2 min read.Updated: 15 Nov 2020, 08:57 PM ISTAparna Iyer
No amount of monetary easing matters if private consumption does not pick up pace
As inflation reduces the value of money, Indians would be less likely to increase consumption
October’s retail inflation print is the ninth monthly one above the flexible inflation target of 2-6% given to the Reserve Bank of India (RBI) by law. In 2020 so far, inflation has been below 6% only in March.
In a normal year, this would have entailed a hike in policy rates because RBI is legally bound to keep inflation within the 2-6% band. However, FY21 is anything but a normal year. India’s economy is estimated to shrink by about 10% in the current fiscal year.
As such, economists are hopeful that RBI delivers one more cut in its policy rate in February. “We expect the RBI to pause at its 5 December policy meeting because of the elevated inflation outturn. However, because of our view of moderating inflation amid the large negative output gap, we maintain our view of 50bp (basis points) of policy easing to be delivered in H1 2021," analysts at Nomura wrote in a note. Those at Barclays supported this view. One basis point is one-hundredth of a percentage point.
The repo rate, which is 4% at present, would drop to its lowest point of 3.5% if the central bank meets Nomura’s expectations. However, no amount of monetary easing or loose fiscal policy matters if private consumption does not pick up pace.
Here, we come full circle to the rise in inflation.
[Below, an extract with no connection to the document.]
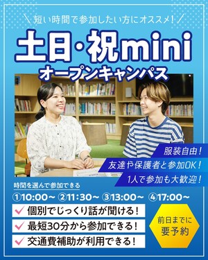 【来校型】土日・祝miniオープンキャンパス(高校生・再進学・留学生の方にオススメ)

An increase in the retail inflation rate hurts everyone from savers to consumers. Economists have warned that interest rates have turned negative for savers, penalizing them amid a pandemic. Household savings have surged to 21.6% in the April-June quarter as a precautionary move by Indians.
Penalizing savings logically should lead to more consumption and these savings built up during April-June could flow out as consumption expenditure. However, as inflation reduces the value of money, Indians would be less likely to increase consumption. Given that there is still gloom over employment, pushing up consumption will be tough. “Empirical evidence suggests a weak negative relationship between inflation and consumption expenditure. This means that, given their budget constraint, households tend to slow down consumption of non-essentials when prices rise fast," wrote economists at Crisil Ltd in a note.
Thus, unless inflation eases, the recent encouraging recovery reflected in several economic data may flounder. RBI recognizes this risk. In an article in its November bulletin, the central bank had flagged inflation as a formidable risk to the prospects of a recovery. “There is a grave risk of generalisation of price pressures, unanchoring of inflation expectations feeding into a loss of credibility in policy interventions and the eventual corrosion of the nascent growth impulses that are making their appearance," the bulletin said.